We Should Keep God’s Love At The Center

Death is. There’s no way around it. Despite Rapamycin and Ponce de León, death is an integral part of what it means to be human. There is a going perspective that the knowledge of death, destruction, and human horror is something to keep from our children. As parents, we have not subscribed to that idea.

Recently we took our son to Laundromat at Deitch Projects, an Ai Weiwei exhibit about the final days of the Idomeni refugee camp. He had lots of questions. We explained that to be a refugee means to be forced, by war or scarcity, to leave one’s home, and that the children and parents who must leave are just like us.

By keeping God’s teaching of love at the center of our conversations, we are able to provide an awareness that all people are loved, despite the strife they face. There is clarity about right and wrong, about our responsibility to share God’s love everywhere, and in whatever capacity, we are able. God’s love is like a compass, from which we can always determine which way to go.

Keeping God’s love at the center of our teaching gives our son more than just perspective and guidance—it gives him a release. After seeing Laundromat, he added a new item to his bedtime prayers. He prays for his family, for his friends and teachers, and now he also prays for the people from the Idomeni camp: that they will find a new, permanent place to live. Though he thinks about death and the difficulties faced by our fellow human beings, he doesn’t have to embrace the stress of needing, as a little six-year-old kid, to take action. He can instead meditate, with love, with hope, and ask for an intervention, in faith.

Watching ‘Rogue One’ With Our Six-Year-Old

These were the preparations that we thought would serve him in watching noble sacrifice after noble sacrifice in “Rogue One.” We were partially right. At times, he took off his 3D glasses, or turned around to face the back of his chair. The big-as-life, technicolor representations of lessons learned in sermons and Sunday school books had a different impact.

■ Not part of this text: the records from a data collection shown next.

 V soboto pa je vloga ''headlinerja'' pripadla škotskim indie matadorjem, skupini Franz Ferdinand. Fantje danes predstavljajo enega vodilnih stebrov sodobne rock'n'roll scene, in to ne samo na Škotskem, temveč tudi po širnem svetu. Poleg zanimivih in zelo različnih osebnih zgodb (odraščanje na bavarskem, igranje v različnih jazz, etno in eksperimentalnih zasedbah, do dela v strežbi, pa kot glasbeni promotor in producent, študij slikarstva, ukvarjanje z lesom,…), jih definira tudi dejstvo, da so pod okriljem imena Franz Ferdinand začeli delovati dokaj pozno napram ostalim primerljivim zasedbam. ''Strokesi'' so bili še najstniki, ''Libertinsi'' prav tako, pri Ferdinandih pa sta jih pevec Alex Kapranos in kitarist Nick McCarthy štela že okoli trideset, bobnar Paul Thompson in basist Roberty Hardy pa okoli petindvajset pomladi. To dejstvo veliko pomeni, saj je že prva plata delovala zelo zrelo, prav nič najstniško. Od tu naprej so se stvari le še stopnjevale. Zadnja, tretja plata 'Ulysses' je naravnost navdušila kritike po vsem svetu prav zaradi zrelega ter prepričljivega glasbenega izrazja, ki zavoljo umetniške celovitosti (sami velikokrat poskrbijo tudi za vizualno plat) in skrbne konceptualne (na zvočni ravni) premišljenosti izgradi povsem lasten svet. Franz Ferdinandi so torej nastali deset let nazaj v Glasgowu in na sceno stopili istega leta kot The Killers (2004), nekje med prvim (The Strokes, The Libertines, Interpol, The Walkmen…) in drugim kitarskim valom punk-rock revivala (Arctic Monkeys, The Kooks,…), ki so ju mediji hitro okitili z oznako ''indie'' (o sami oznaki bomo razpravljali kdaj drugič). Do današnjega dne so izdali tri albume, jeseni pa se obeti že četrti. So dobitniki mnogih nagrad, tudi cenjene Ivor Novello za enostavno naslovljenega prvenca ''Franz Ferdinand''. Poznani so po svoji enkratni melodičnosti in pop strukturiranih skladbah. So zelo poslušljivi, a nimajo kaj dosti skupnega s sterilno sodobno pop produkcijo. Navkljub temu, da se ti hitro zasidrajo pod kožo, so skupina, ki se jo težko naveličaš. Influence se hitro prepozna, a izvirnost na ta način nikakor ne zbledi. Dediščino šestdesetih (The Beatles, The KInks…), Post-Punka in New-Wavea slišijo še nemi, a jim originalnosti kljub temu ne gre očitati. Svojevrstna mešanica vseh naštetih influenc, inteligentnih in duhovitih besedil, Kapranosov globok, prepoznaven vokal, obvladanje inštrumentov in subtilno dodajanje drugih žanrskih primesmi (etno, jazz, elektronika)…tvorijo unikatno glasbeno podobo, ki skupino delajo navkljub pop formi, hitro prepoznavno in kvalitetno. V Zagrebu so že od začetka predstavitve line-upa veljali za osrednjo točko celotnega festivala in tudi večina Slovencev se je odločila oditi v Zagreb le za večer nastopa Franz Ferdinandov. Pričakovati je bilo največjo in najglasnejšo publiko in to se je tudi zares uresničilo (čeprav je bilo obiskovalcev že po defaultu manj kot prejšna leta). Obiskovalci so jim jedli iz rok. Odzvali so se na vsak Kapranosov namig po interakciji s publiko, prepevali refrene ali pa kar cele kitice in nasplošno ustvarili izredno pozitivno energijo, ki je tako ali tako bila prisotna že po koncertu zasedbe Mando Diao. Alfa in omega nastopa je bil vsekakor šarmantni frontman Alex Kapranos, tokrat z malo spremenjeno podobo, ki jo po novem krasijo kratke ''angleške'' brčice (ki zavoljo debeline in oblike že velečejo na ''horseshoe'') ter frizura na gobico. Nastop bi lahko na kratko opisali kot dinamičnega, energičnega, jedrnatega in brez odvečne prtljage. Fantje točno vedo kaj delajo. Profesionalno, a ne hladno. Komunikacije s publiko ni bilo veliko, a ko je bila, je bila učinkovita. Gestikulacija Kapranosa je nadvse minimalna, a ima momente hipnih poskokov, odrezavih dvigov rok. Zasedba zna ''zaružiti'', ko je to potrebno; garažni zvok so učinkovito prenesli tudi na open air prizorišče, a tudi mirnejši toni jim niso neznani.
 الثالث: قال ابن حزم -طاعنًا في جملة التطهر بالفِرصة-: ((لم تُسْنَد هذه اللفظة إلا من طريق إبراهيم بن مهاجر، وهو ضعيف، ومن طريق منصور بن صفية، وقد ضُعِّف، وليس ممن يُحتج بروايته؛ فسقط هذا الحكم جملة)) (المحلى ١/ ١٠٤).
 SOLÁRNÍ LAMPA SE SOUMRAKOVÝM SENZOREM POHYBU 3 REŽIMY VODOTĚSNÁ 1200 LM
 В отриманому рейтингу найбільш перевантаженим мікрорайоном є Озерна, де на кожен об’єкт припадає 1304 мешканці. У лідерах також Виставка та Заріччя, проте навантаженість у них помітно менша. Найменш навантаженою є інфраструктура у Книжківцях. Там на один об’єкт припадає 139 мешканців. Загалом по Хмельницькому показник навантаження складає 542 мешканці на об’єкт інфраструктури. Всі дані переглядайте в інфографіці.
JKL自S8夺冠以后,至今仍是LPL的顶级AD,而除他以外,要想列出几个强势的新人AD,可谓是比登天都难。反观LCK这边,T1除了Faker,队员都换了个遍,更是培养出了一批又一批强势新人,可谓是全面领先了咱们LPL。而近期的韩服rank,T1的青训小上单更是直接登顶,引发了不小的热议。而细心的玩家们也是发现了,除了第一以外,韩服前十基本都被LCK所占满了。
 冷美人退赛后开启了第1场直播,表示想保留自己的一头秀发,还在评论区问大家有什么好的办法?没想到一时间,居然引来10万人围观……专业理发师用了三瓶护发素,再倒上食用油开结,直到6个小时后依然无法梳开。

Oddly, perhaps, it was the death of a droid that seemed to strike him most deeply. K2SO, his favorite character (today anyway) sacrificed himself in a way that would have made Davy Crockett proud. As the robot took blow after blow, protecting beings so different from him, my son was locked to screen. When the droid was clearly done for, he turned to me and whispered, “He was really brave.”

That ultimately is the story of “Rogue One,” and the very one we wanted him to see. We wanted him to see that our lives have a purpose beyond, and even greater than, simply continuing themselves.

Our Shared Canon Helps Draw Us Closer to God

Lessons need stories. They always have. Without the Exodus story, the Ten Commandments are just good advice. Without the play, “to be or not to be” is just an indulgent soliloquy. Without the myth, Sisyphus is just a fool pushing a rock. Every culture and every time period have their stories. “Star Wars” is one of ours. It is a reference and shorthand. Maybe it isn’t “Moby Dick” or “Huckleberry Finn,” maybe it is. But it’s what we have.

As Christian parents, we know that our son’s life with Christ may have fits and starts. But no matter how far He may seem from our son at times in his life, there are lessons that withstand and close that distance. Our secular stories, our shared canon, have a vital role to play. It is our hope that letting him see “Rogue One,” and discussing it with him, will help him deal with a world that is still swarming with death and despair—but that is also, always, alive with new hope.